I start with the intentions of paddling around Honeymoon Island. I arrived on a low tide. I scratch the bottom of my kayak along the rocky shore of the Dunedin Causeway. The causeway extends out to Honeymoon Island State Park. On this frigid February morning there are few people walking along the causeway. My intention for starting early is to avoid the wind. Leaving at around 7 a.m. I am suprised by the light wind that is fluttering the surface of the water. I stop though to test the wind and it hardly moves my kayak in the opposite direction.
Behind me is the causeway, beyond the causeway is Caladesi. To my west is Honeymoon. To the North is Anclote. I am suprised by the building wind. Increasing winds make me give second thought to venturing out into the gulf. The gulf will be reached eventually. I stop on a beach to stretch my legs and as I arrive on shore a small wave splashes me. My waterproof socks minimize the bulk of the wave, but some water works its way to my toes.
As I paddle…this land is a land of osprey. Snags off in the distance remind me of earlier hikes where osprey are visible to hikers. They are plentiful here. A pair of bald eagles are currently residing on the island. An osprey hovers in place before diving down to snag a plump mullet. Another osprey lands in the water and seems to be struggling with a giant fish. The bird makes repeated attempts, but the fish is too heavy. Eventually the osprey leaves with lunch. A spoonbill flies in front of the mangroves, his pink is contrasted against dark green. Cormorants are plentiful. Birds are everywhere. Osprey continue to dive into the cold water. Herons and egrets are plentiful too. I am currently on the grass flats. The water here is deep enough for the kayak to stay afloat.

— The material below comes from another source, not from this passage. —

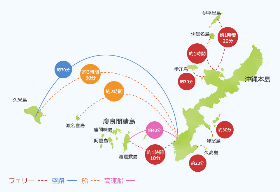 沖繩本島週邊地區大小不一,從慶良間諸島、久米島、大東島、渡喜島、久高島等未通過橋樑與沖繩本島相連的島嶼,乘高程僅需15 分鐘即可到達沖繩本島。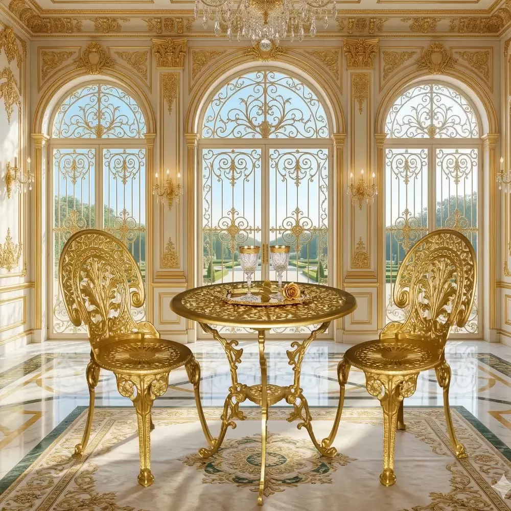 Dış mekan dekorasyonunda uzmanlaşan Akbrella, kendi üretim tesislerinde titizlikle hazırladığı FER TK - 16 kodlu döküm masa sandalye takımı ile tarihi bir asaleti mekanlarınıza taşıyor. Bizans figürlerinin zarafetini gold rengin ihtişamıyla birleştiren bu takım; bahçe, teras, balkon ve profesyonel işletmeler için hem estetik hem de yüksek dayanımlı bir kullanım sunar.

I eventually pass the white beaches and arrive in view of the gulf. There seems to be some white chop. I figure the Necky Dolphin has seen worse so I tighten the life jacket and secure my gear and head for the open sea. Out past the chop created by the shallow sand bars I feel some sort of relief. I notice a few people walking on the beach. They are bundled up in layers as if respecting the cold. I keep my attention now to the growing swells.
A park ranger drives a truck down the beach. Seagulls flutter out of the way. I notice that the swells are making me seasick. I stop and for a moment I pretend that I am surrounded by a sea of mountains. The waves are flowing mountains, beautiful yet they are making me sick. The current is pushing me towards my destination. A dolphin surfaces a few times off the bow. Caladesi Island is now making its presence known. The swells keep rolling in. I cannot remember the last time I got seasick. I see a beach covered with seaweed and decide to cook lunch there.
The sandy beach makes an ideal picnic area. I set up my stove and drag my stuff from the kayak. Sitting here in the bright sun under a blue sky I feel like I am on quite the adventure. I notice a fisherman off in the distance. I neatly set my gear out and consider the next leg of my trip. I light the stove and wait for the water to boil. The wind has little impact on the small MSR stove. The fisherman starts towards me. He makes a greeting and I notice his German accent. He speaks fine English and is outfitted with nice gear.
We quickly strike up a conversation. He explains that he is German, but has lived Alaska for a number of years. He describes the beauty of Alaska in great detail. We have much in common. He mentions how people like us have a common language. He speaks in ecology and biodiversity.With sadness he talks about how climate change is impacting Alaska. He fears for the native people. He says the native people of all countries are in trouble. He says this of Alaska…”land falling into the sea, melting glaciers, and decreasing fish stocks.” He concludes that Alaska will be ruined in 2o years. He is on his way to Germany in a few days. He is on his way to Germany to talk with school children about Alaska nature and racism issues concerning native people. He seems to be one of those unique individuals you meet along the road of life.
We exchange stories and information pertaining to nature and the love of travel. When you meet a like-minded person you always feel as if there is so much knowledge to be shared. We say happy trails and make our separate ways.
I paddle Caladesi’s interior canoe trail for the remainder of the day. It is silent and calming inside these mangrove tunnels. Life is good here. Towards the end I leave the kayak and head ashore to visit the ruins of the Scharrer residence. Myrtle wrote Yesteryear I lived In Paradise. Her book is a story about her life on the island.
Heading back to the truck I see Dunedin to the east. Boaters are now making their presence known. Pelicans still bob happily in the shallow waters.